Work to be completed:
Among the lines below, the one containing "En même temps, Maverick" opens the range and the one containing "will actually occur." closes it. Print that range exactly, without the pictures.

Data for the task:
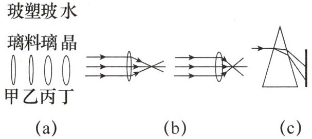 。(3)联想到光的色散现象,如图(c)所示,如果分别用红光和紫光测同一个凸透镜的焦距,用
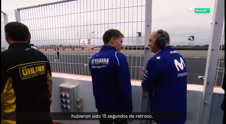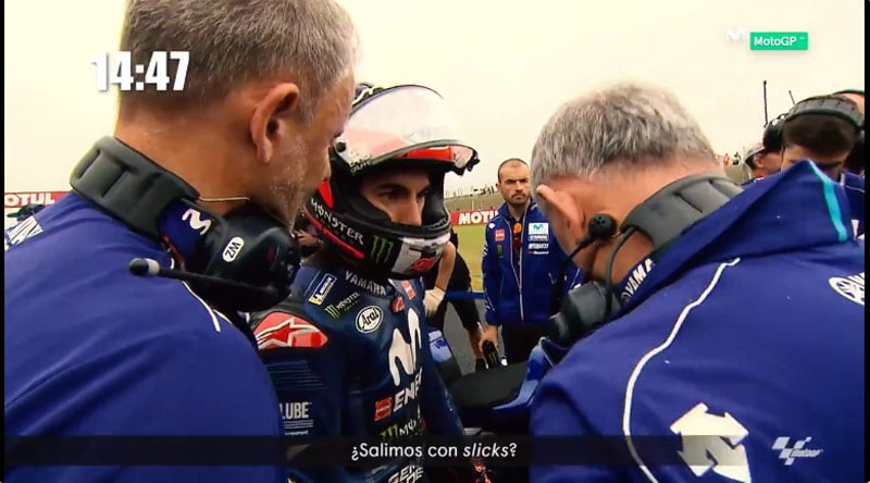 En même temps, Maverick Vinales interroge Ramon Forcada pour savoir s’il va partir en slicks, mais on lui répond que cela entraînerait un départ depuis la pit-lane: « on part avec les slicks ?
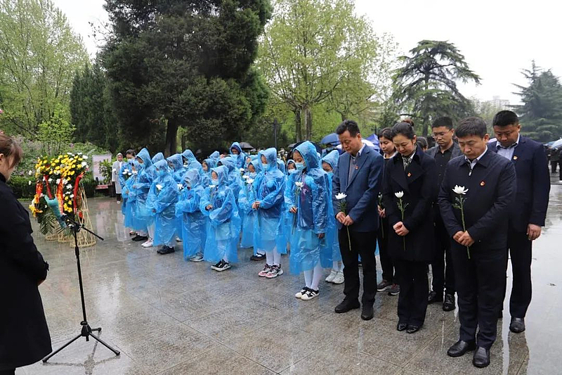 在革命烈士紀念碑前,團員、少先隊員代表手抬花籃緩步走向革命烈士紀念碑,向革命先烈敬獻花籃,投資公司和學校黨員代表整理挽聯。在一座座英雄墓碑前,全體人員向英雄烈士鞠躬默哀,并將胸前的小白花獻給英烈,表達對先烈的哀思和敬仰。
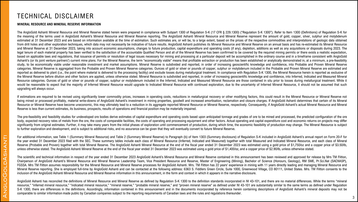 will actually occur. For a discussion of such risk factors, refer to AngloGold Ashanti’s annual report on Form 20-F for the year ended 31 December 2023 filed with the United States Securities and Exchange Commission (“SEC”). These factors are
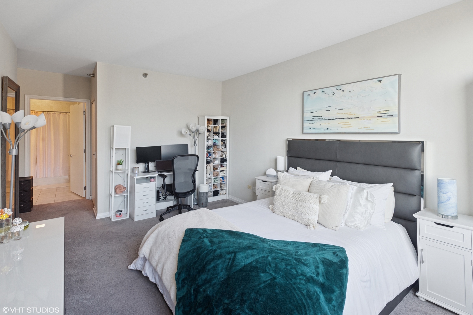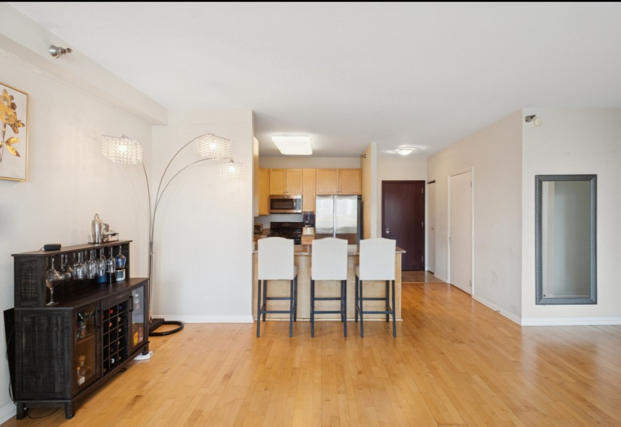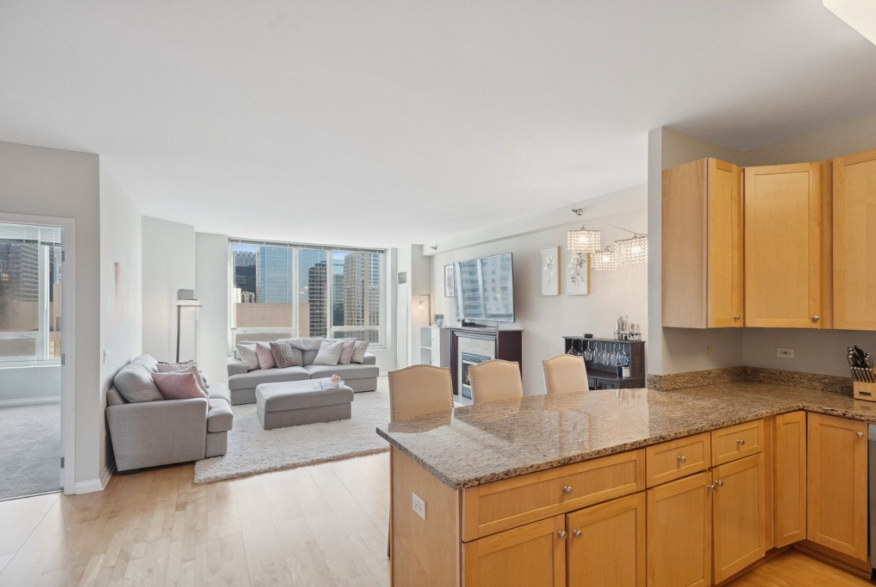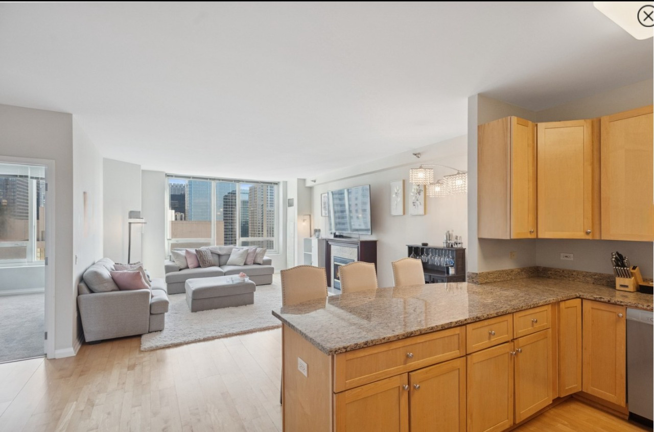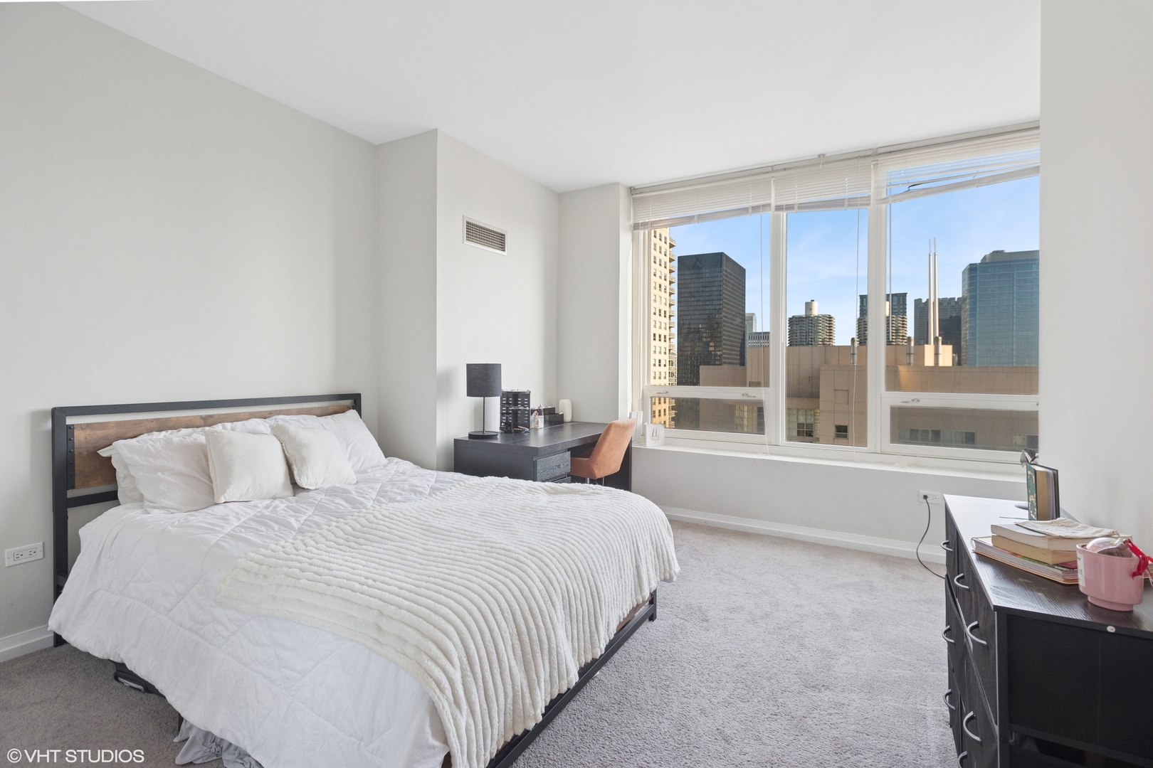 Meticulously maintained 2-bedroom in the heart of River North! This 40th floor enormous home features an expansive living area with plenty of room for a dining area, a cozy gas fireplace, a large wall of windows with extra-tall ceilings that enhance the sense of space. Each of the two bedrooms is generously sized and features its own walk-in closet. The open kitchen with high-end stainless-steel appliances features pristine maple cabinets which complement the generous island bar. And let’s not forget about the crown jewel of this residence – the unparalleled views of the city skyline that stretches beyond the neighboring buildings, offering a panoramic view of the skyline offering the ever-changing tapestry of city lights. 33 Ontario is a Full Service, Full Amenity high rise with an outdoor swimming pool, fitness center, 24hr attentive door staff, resident lounge, party room, bike storage & package delivery to your door. Exciting River North location; steps to everything including the Mag Mile, the Riverwalk, beach, running/bike path, 3 grocery stores (Whole Foods, Trader Joe’s, Jewel), parks, museums, cafes, theaters. Public transport outside your door, easy access to expressways. All-inclusive assessment includes internet, cable, heating, air conditioning, gas. Extremely well run and organized HOA with professional on-site management. Parking available to rent or purchase in attached garage. Walk Score 100
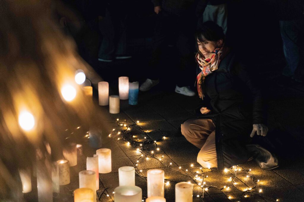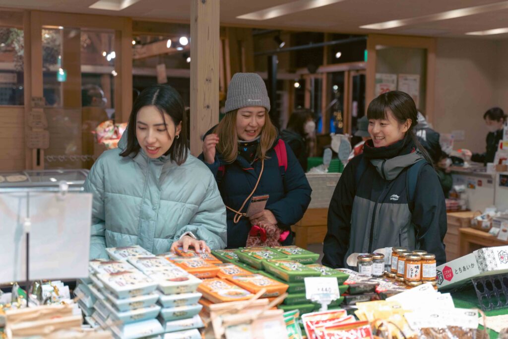 チェックインを済ませ、冬まつり開催中の「いいたて村の道の駅までい館」に到着。そのころには、すっかり日が暮れていました。参加者は夜空を彩る打ち上げ花火に歓声を上げ、色とりどりのイルミネーションや、さまざまな装飾を施したキャンドルが並ぶ幻想的な光景に見とれました。イベントに合わせ、特別に営業時間を延長して開店していた道の駅でも村産品の買い物を楽しみました。
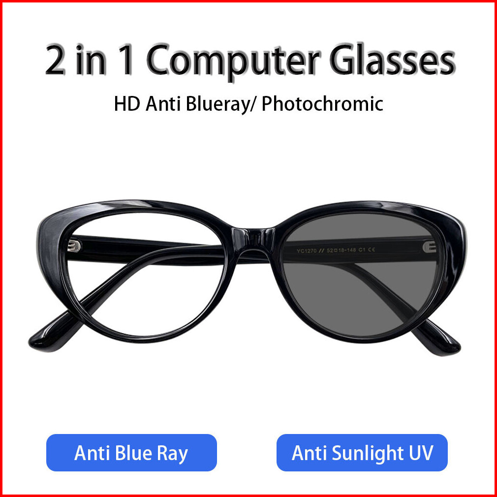 Viendo Kacamata Photocromic Minus Wanita Cat Eye Frame Silinder Anti Radiasi Blueray Kaca Mata Optik
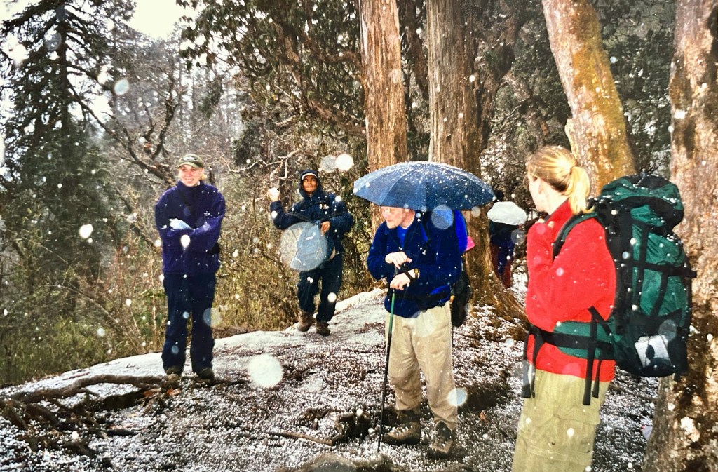As a day’s walk progresses and people are feeling tired they begin asking Robby, “How much farther?” Anyone who has trekked with Robby will know his standard response, “In ten minutes we will be closer.” An hour later the response will be the same. Tuesday was a hard day for me physically. I was not struggling with lack of oxygen but my legs were gone. Around midday Daniel L kindly took my pack and carried it on his front as well as the one he was carrying on his back. That helped me so much! A strange thing happens when one has carried a backpack for a long period of time and then puts it down. There is a bizarre lightness, the sensation of standing on your legs disappears and it literally feels like floating. Although I didn’t actually float my afternoon journey was then so much more enjoyable.
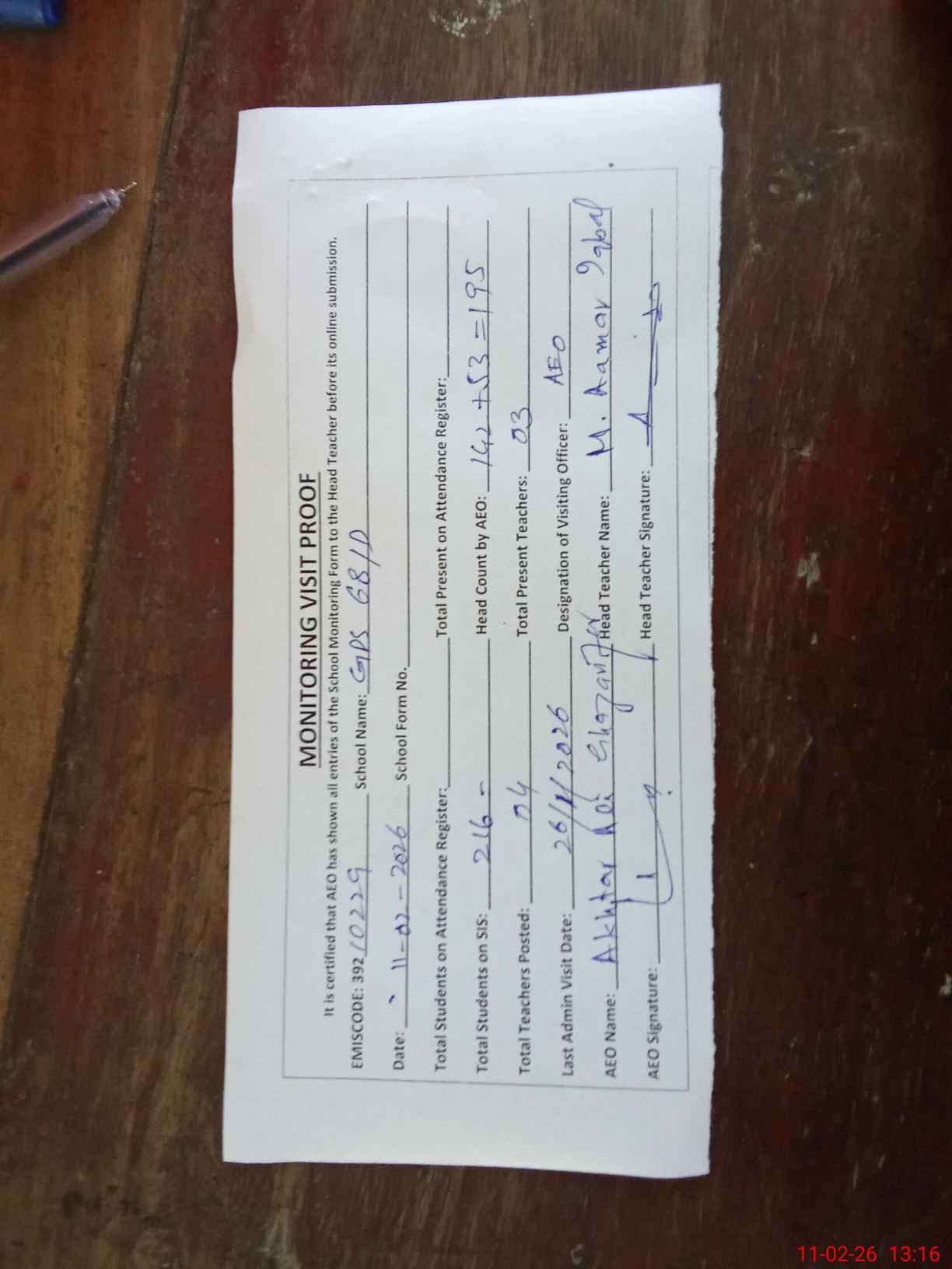 | Monitoring Date: 11-02-2026 | Start Time: 11-02-2026 12:52 PM | End Time: 11-02-2026 01:20 PM | Name of MEA: Ak**** Al**** Gh**** | |

Task answer:
 En même temps, Maverick Vinales interroge Ramon Forcada pour savoir s’il va partir en slicks, mais on lui répond que cela entraînerait un départ depuis la pit-lane: « on part avec les slicks ?
 在革命烈士紀念碑前,團員、少先隊員代表手抬花籃緩步走向革命烈士紀念碑,向革命先烈敬獻花籃,投資公司和學校黨員代表整理挽聯。在一座座英雄墓碑前,全體人員向英雄烈士鞠躬默哀,并將胸前的小白花獻給英烈,表達對先烈的哀思和敬仰。
 will actually occur. For a discussion of such risk factors, refer to AngloGold Ashanti’s annual report on Form 20-F for the year ended 31 December 2023 filed with the United States Securities and Exchange Commission (“SEC”). These factors are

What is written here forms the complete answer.